# Task to complete
All of the data below should be printed again word for word, pictures excluded.

# Material provided
+ + + +
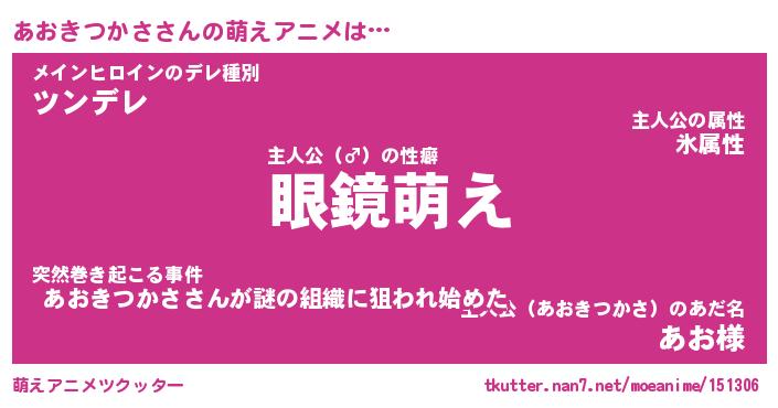 | ヒーロー風カッコイイあだ名 | 『スーパーアオキツカサ』『幻影騎士アオ』 |
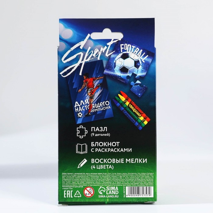 Подарочный набор блокнот - раскраска, мелки 4 шт. «Настоящий чемпион»
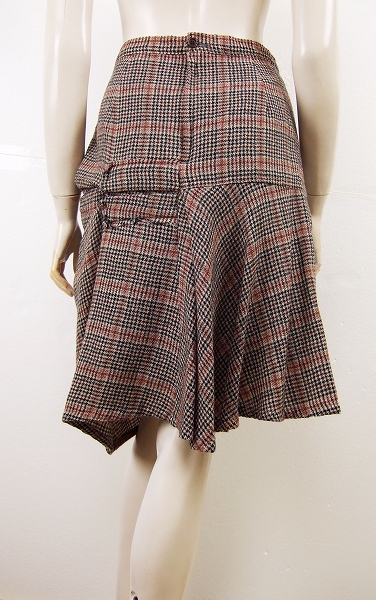 特徴:アシメトリーの個性的スカートです。ブリクレッド系(レンガ系)×グレンチェック柄ブラック系×ベージュ系の軽やかなふんわりウール。様々な形のパネル!切りっぱなしパネル&フレアーパネル&垂るみをもたせ袋状に見せたパネルをアシメトリーにデザインされ裏地もモダンな柄のお洒落上級スカートです。 ---↓ここにサイズ記入----
+ + + +
# Reply
 | ヒーロー風カッコイイあだ名 | 『スーパーアオキツカサ』『幻影騎士アオ』 |
 Подарочный набор блокнот - раскраска, мелки 4 шт. «Настоящий чемпион»
 特徴:アシメトリーの個性的スカートです。ブリクレッド系(レンガ系)×グレンチェック柄ブラック系×ベージュ系の軽やかなふんわりウール。様々な形のパネル!切りっぱなしパネル&フレアーパネル&垂るみをもたせ袋状に見せたパネルをアシメトリーにデザインされ裏地もモダンな柄のお洒落上級スカートです。 ---↓ここにサイズ記入----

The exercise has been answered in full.